Python has become the crowd favorite because of its permissive syntax and the bounty of libraries that simplify the web scraping job. Today, we’re going to talk about one of those libraries.
This guide will cover how to start extracting data with Selenium and Python. We will build a Python script that will log in to a website, scrape some data, format it nicely, and store it in a CSV file.
If you want a more general overview of how Python can be used in web scraping, you should check out our ultimate guide to building a scraper with Python.

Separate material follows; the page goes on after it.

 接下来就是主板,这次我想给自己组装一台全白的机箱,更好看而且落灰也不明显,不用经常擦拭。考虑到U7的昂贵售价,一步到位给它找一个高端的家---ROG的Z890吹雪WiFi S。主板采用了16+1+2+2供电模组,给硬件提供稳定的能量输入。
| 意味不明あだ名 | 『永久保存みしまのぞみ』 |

Then, come back here so we can dive into even more details!
An overview of Selenium
Just as the official selenium website states, Selenium is a suite of tools for automating web browsers that was first introduced as a tool for cross-browser testing.

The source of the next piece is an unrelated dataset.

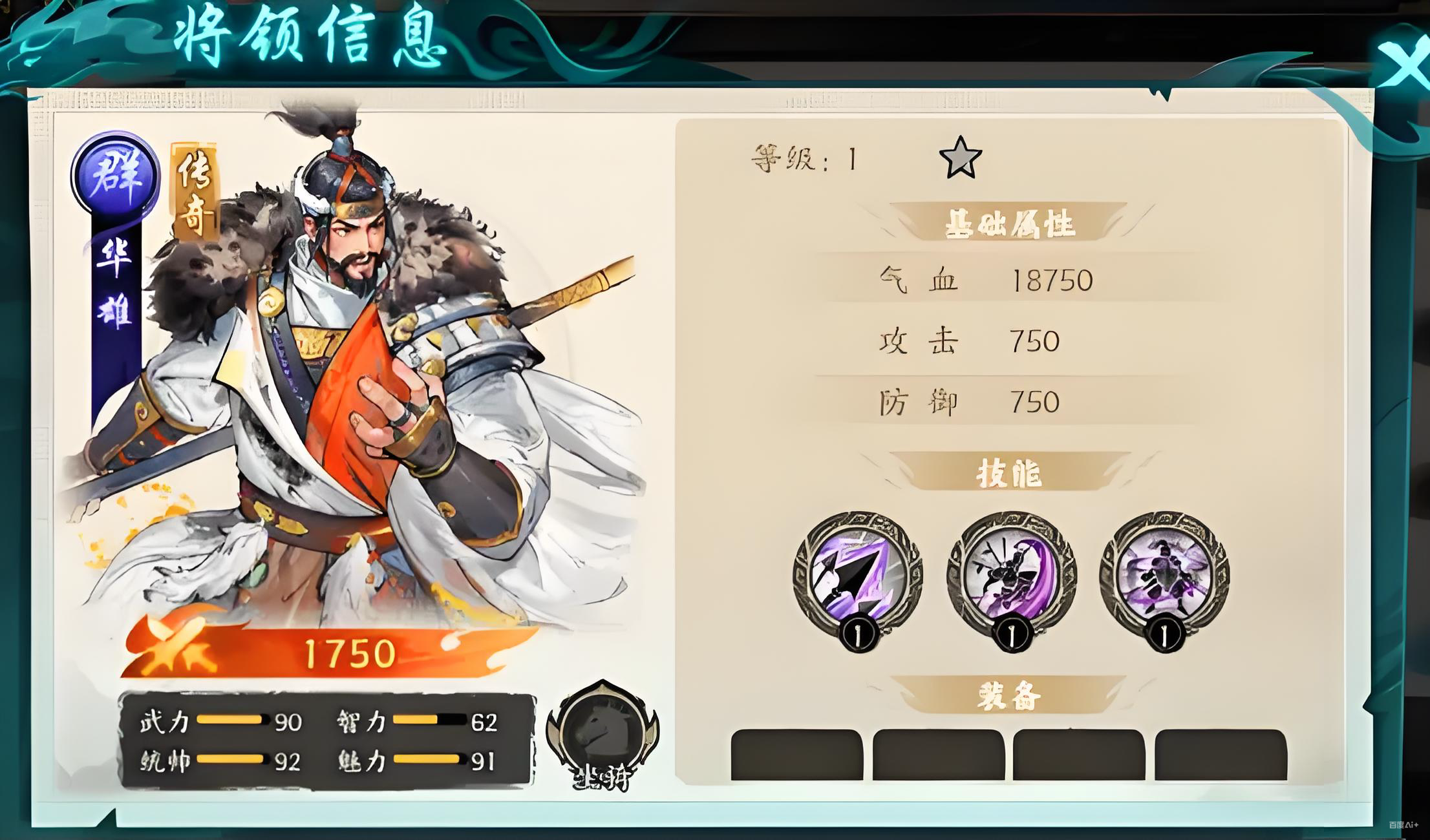华雄是一名兼具输出与支援能力的横排打击型武将。他的怒气技能“连弩激射”通过部署三台弩车,对一整排敌人造成200%基础伤害附加200点固定伤害,并有20%几率使目标陷入麻痹状态,技能升级后整体输出能力大幅提升。这一技能在面对密集阵型时尤为高效,能够快速削减敌方前排或后排威胁。被动“关西猛将”提供额外防御力与技能伤害减免,增强战场存活率;而“悍不畏死”则在敌方单位被麻痹时,为当前血量最低的友军生成护盾,形成良好的联动保护机制,尤其适合与张角等控制型武将搭配使用。
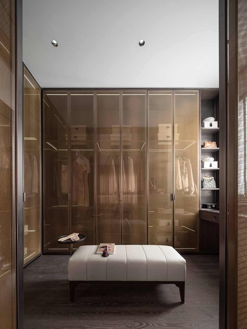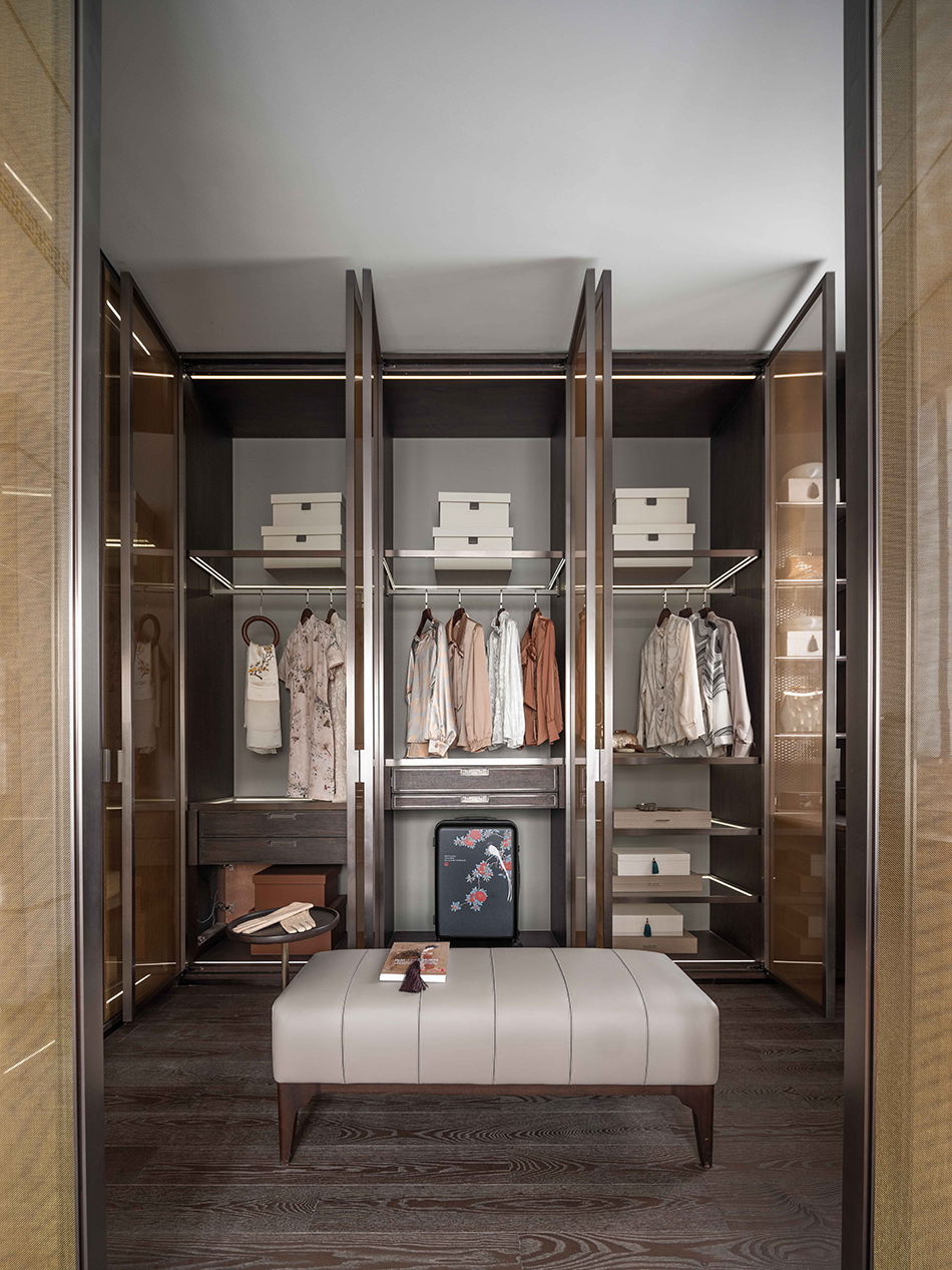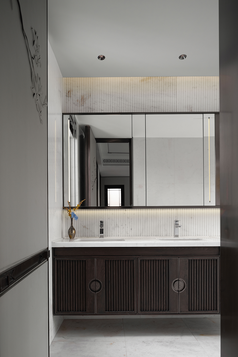 背墙曼延渐展,借山水纹奢石铺叙基调暗示“大体量”的视觉张力;精铜细嵌,沿轮廓利落游走,遥应软装灯具渲染描摹物形表象。

The API built by the Selenium team uses the WebDriver protocol to take control of a web browser, like Chrome or Firefox, and perform different tasks, like:
- Filling forms
- Scrolling
- Taking screenshots
- Clicking buttons
Now you might be wondering how all this translates into web scraping. It’s simple, really.
Data extraction can be a real pain in the neck sometimes. Websites are being built as Single Page Applications nowadays even when there’s no need for that. They’re popping CAPTCHAs more frequently than needed and even blocking regular users’ IPs.
In short, bot detection is a very frustrating feature that feels like a bug.
Selenium can help in these cases by understanding and executing Javascript code and automating many tedious processes of web scraping, like scrolling through the page, grabbing HTML elements, or exporting fetched data.
Installation
To show the real power of Selenium and Python, we are going to scrape some information off the /r/learnprogramming subreddit. Besides scraping data, I’ll also show you how signing in can be implemented. Now that we have an understanding of the primary tool and the website we are going to use, let’s see what other requisites we need to have installed:
1. Python. We will be using Python 3.0. However, feel free to use Python 2.0 by making slight adjustments. You can download and install it from here.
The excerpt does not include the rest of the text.